• _Input data_
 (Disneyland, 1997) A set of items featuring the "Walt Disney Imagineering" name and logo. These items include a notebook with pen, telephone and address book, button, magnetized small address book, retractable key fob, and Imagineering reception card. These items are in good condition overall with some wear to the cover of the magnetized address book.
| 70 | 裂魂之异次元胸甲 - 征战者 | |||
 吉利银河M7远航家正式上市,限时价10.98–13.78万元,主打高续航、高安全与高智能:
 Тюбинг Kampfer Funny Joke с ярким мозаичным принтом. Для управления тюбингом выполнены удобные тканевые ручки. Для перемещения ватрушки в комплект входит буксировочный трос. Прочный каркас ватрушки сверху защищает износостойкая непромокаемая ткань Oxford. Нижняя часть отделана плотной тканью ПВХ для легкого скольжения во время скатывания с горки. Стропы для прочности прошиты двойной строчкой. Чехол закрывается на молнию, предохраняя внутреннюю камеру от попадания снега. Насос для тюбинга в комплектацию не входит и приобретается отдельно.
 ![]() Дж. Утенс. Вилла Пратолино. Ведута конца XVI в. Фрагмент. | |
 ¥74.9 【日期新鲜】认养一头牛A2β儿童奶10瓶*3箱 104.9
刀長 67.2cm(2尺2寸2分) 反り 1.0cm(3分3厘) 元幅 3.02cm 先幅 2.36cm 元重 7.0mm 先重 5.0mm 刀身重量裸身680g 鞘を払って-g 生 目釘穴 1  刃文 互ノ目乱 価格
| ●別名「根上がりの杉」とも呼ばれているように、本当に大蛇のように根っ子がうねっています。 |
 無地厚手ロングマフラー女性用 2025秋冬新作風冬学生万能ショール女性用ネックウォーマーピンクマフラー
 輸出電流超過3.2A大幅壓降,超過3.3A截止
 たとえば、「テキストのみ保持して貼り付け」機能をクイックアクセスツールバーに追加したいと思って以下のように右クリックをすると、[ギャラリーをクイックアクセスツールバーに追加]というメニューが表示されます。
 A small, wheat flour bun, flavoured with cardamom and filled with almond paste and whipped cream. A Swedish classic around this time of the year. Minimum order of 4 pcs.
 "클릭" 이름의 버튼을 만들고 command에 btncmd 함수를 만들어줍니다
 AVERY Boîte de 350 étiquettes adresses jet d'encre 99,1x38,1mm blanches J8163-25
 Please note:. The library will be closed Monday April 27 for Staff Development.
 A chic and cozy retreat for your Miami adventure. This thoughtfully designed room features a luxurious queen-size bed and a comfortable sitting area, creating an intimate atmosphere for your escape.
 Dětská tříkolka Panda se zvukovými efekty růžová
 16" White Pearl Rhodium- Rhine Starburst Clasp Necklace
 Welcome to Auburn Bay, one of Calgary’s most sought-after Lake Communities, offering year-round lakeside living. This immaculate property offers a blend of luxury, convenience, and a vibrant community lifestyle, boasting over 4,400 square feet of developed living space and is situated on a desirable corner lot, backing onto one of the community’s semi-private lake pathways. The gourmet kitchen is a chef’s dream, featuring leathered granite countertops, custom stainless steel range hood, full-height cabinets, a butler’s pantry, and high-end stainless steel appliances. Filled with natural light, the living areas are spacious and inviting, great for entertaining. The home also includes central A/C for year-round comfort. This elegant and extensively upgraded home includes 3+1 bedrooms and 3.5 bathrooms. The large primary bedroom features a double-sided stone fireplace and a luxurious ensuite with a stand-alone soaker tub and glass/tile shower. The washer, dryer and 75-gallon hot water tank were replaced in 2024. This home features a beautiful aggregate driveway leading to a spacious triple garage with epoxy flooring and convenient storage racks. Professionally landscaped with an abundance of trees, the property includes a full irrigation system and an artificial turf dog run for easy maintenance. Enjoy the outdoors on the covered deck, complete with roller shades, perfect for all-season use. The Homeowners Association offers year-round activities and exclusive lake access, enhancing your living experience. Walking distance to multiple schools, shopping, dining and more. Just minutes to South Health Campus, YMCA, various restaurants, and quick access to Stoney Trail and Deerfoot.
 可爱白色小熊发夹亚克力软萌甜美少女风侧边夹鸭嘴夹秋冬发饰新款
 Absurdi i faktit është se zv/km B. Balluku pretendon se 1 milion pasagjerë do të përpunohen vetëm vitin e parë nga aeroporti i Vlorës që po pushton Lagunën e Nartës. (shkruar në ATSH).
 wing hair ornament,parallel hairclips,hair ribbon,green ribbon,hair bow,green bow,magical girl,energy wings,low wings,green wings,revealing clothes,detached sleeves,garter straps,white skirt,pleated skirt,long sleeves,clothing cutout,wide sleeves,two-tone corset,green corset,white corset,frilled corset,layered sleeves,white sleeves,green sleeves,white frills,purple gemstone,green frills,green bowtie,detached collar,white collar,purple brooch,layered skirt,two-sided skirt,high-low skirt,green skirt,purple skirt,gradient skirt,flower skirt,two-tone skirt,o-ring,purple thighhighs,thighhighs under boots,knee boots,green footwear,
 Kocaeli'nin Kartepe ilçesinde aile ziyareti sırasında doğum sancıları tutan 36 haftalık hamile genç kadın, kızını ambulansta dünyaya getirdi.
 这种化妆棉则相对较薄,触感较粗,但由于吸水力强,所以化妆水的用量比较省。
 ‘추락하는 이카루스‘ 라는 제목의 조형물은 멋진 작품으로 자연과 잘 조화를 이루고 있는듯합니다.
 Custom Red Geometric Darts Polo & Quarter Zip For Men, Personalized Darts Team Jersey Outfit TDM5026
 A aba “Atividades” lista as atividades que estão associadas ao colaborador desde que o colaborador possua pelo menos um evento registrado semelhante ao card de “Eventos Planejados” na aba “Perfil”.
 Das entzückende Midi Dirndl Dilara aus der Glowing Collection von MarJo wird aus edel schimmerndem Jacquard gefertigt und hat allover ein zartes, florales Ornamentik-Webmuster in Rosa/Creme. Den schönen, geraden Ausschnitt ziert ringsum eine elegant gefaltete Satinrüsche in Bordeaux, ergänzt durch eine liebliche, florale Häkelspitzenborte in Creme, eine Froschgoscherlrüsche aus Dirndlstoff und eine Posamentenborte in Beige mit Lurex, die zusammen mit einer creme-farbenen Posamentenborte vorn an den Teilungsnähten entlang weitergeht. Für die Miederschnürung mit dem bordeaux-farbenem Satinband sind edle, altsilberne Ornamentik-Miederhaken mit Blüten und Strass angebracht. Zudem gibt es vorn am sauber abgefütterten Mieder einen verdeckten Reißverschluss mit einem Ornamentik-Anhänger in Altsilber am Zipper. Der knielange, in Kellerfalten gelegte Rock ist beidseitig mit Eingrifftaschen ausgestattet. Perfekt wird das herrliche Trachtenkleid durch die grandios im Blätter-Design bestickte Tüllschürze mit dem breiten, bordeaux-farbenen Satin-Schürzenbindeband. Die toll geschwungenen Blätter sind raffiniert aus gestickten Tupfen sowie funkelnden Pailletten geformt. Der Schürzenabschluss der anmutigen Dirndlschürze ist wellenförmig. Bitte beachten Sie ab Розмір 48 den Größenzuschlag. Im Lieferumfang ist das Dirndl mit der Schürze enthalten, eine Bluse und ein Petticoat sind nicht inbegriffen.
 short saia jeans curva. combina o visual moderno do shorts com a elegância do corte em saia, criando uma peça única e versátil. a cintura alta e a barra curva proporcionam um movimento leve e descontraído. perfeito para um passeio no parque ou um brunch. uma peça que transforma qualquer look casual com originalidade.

• _Problem statement_
All the lines above need to be printed again, exactly.

• _Response to the task_
 (Disneyland, 1997) A set of items featuring the "Walt Disney Imagineering" name and logo. These items include a notebook with pen, telephone and address book, button, magnetized small address book, retractable key fob, and Imagineering reception card. These items are in good condition overall with some wear to the cover of the magnetized address book.
| 70 | 裂魂之异次元胸甲 - 征战者 | |||
 吉利银河M7远航家正式上市,限时价10.98–13.78万元,主打高续航、高安全与高智能:
 Тюбинг Kampfer Funny Joke с ярким мозаичным принтом. Для управления тюбингом выполнены удобные тканевые ручки. Для перемещения ватрушки в комплект входит буксировочный трос. Прочный каркас ватрушки сверху защищает износостойкая непромокаемая ткань Oxford. Нижняя часть отделана плотной тканью ПВХ для легкого скольжения во время скатывания с горки. Стропы для прочности прошиты двойной строчкой. Чехол закрывается на молнию, предохраняя внутреннюю камеру от попадания снега. Насос для тюбинга в комплектацию не входит и приобретается отдельно.
 ![]() Дж. Утенс. Вилла Пратолино. Ведута конца XVI в. Фрагмент. | |
 ¥74.9 【日期新鲜】认养一头牛A2β儿童奶10瓶*3箱 104.9
刀長 67.2cm(2尺2寸2分) 反り 1.0cm(3分3厘) 元幅 3.02cm 先幅 2.36cm 元重 7.0mm 先重 5.0mm 刀身重量裸身680g 鞘を払って-g 生 目釘穴 1  刃文 互ノ目乱 価格
| ●別名「根上がりの杉」とも呼ばれているように、本当に大蛇のように根っ子がうねっています。 |
 無地厚手ロングマフラー女性用 2025秋冬新作風冬学生万能ショール女性用ネックウォーマーピンクマフラー
 輸出電流超過3.2A大幅壓降,超過3.3A截止
 たとえば、「テキストのみ保持して貼り付け」機能をクイックアクセスツールバーに追加したいと思って以下のように右クリックをすると、[ギャラリーをクイックアクセスツールバーに追加]というメニューが表示されます。
 A small, wheat flour bun, flavoured with cardamom and filled with almond paste and whipped cream. A Swedish classic around this time of the year. Minimum order of 4 pcs.
 "클릭" 이름의 버튼을 만들고 command에 btncmd 함수를 만들어줍니다
 AVERY Boîte de 350 étiquettes adresses jet d'encre 99,1x38,1mm blanches J8163-25
 Please note:. The library will be closed Monday April 27 for Staff Development.
 A chic and cozy retreat for your Miami adventure. This thoughtfully designed room features a luxurious queen-size bed and a comfortable sitting area, creating an intimate atmosphere for your escape.
 Dětská tříkolka Panda se zvukovými efekty růžová
 16" White Pearl Rhodium- Rhine Starburst Clasp Necklace
 Welcome to Auburn Bay, one of Calgary’s most sought-after Lake Communities, offering year-round lakeside living. This immaculate property offers a blend of luxury, convenience, and a vibrant community lifestyle, boasting over 4,400 square feet of developed living space and is situated on a desirable corner lot, backing onto one of the community’s semi-private lake pathways. The gourmet kitchen is a chef’s dream, featuring leathered granite countertops, custom stainless steel range hood, full-height cabinets, a butler’s pantry, and high-end stainless steel appliances. Filled with natural light, the living areas are spacious and inviting, great for entertaining. The home also includes central A/C for year-round comfort. This elegant and extensively upgraded home includes 3+1 bedrooms and 3.5 bathrooms. The large primary bedroom features a double-sided stone fireplace and a luxurious ensuite with a stand-alone soaker tub and glass/tile shower. The washer, dryer and 75-gallon hot water tank were replaced in 2024. This home features a beautiful aggregate driveway leading to a spacious triple garage with epoxy flooring and convenient storage racks. Professionally landscaped with an abundance of trees, the property includes a full irrigation system and an artificial turf dog run for easy maintenance. Enjoy the outdoors on the covered deck, complete with roller shades, perfect for all-season use. The Homeowners Association offers year-round activities and exclusive lake access, enhancing your living experience. Walking distance to multiple schools, shopping, dining and more. Just minutes to South Health Campus, YMCA, various restaurants, and quick access to Stoney Trail and Deerfoot.
 可爱白色小熊发夹亚克力软萌甜美少女风侧边夹鸭嘴夹秋冬发饰新款
 Absurdi i faktit është se zv/km B. Balluku pretendon se 1 milion pasagjerë do të përpunohen vetëm vitin e parë nga aeroporti i Vlorës që po pushton Lagunën e Nartës. (shkruar në ATSH).
 wing hair ornament,parallel hairclips,hair ribbon,green ribbon,hair bow,green bow,magical girl,energy wings,low wings,green wings,revealing clothes,detached sleeves,garter straps,white skirt,pleated skirt,long sleeves,clothing cutout,wide sleeves,two-tone corset,green corset,white corset,frilled corset,layered sleeves,white sleeves,green sleeves,white frills,purple gemstone,green frills,green bowtie,detached collar,white collar,purple brooch,layered skirt,two-sided skirt,high-low skirt,green skirt,purple skirt,gradient skirt,flower skirt,two-tone skirt,o-ring,purple thighhighs,thighhighs under boots,knee boots,green footwear,
 Kocaeli'nin Kartepe ilçesinde aile ziyareti sırasında doğum sancıları tutan 36 haftalık hamile genç kadın, kızını ambulansta dünyaya getirdi.
 这种化妆棉则相对较薄,触感较粗,但由于吸水力强,所以化妆水的用量比较省。
 ‘추락하는 이카루스‘ 라는 제목의 조형물은 멋진 작품으로 자연과 잘 조화를 이루고 있는듯합니다.
 Custom Red Geometric Darts Polo & Quarter Zip For Men, Personalized Darts Team Jersey Outfit TDM5026
 A aba “Atividades” lista as atividades que estão associadas ao colaborador desde que o colaborador possua pelo menos um evento registrado semelhante ao card de “Eventos Planejados” na aba “Perfil”.
 Das entzückende Midi Dirndl Dilara aus der Glowing Collection von MarJo wird aus edel schimmerndem Jacquard gefertigt und hat allover ein zartes, florales Ornamentik-Webmuster in Rosa/Creme. Den schönen, geraden Ausschnitt ziert ringsum eine elegant gefaltete Satinrüsche in Bordeaux, ergänzt durch eine liebliche, florale Häkelspitzenborte in Creme, eine Froschgoscherlrüsche aus Dirndlstoff und eine Posamentenborte in Beige mit Lurex, die zusammen mit einer creme-farbenen Posamentenborte vorn an den Teilungsnähten entlang weitergeht. Für die Miederschnürung mit dem bordeaux-farbenem Satinband sind edle, altsilberne Ornamentik-Miederhaken mit Blüten und Strass angebracht. Zudem gibt es vorn am sauber abgefütterten Mieder einen verdeckten Reißverschluss mit einem Ornamentik-Anhänger in Altsilber am Zipper. Der knielange, in Kellerfalten gelegte Rock ist beidseitig mit Eingrifftaschen ausgestattet. Perfekt wird das herrliche Trachtenkleid durch die grandios im Blätter-Design bestickte Tüllschürze mit dem breiten, bordeaux-farbenen Satin-Schürzenbindeband. Die toll geschwungenen Blätter sind raffiniert aus gestickten Tupfen sowie funkelnden Pailletten geformt. Der Schürzenabschluss der anmutigen Dirndlschürze ist wellenförmig. Bitte beachten Sie ab Розмір 48 den Größenzuschlag. Im Lieferumfang ist das Dirndl mit der Schürze enthalten, eine Bluse und ein Petticoat sind nicht inbegriffen.
 short saia jeans curva. combina o visual moderno do shorts com a elegância do corte em saia, criando uma peça única e versátil. a cintura alta e a barra curva proporcionam um movimento leve e descontraído. perfeito para um passeio no parque ou um brunch. uma peça que transforma qualquer look casual com originalidade.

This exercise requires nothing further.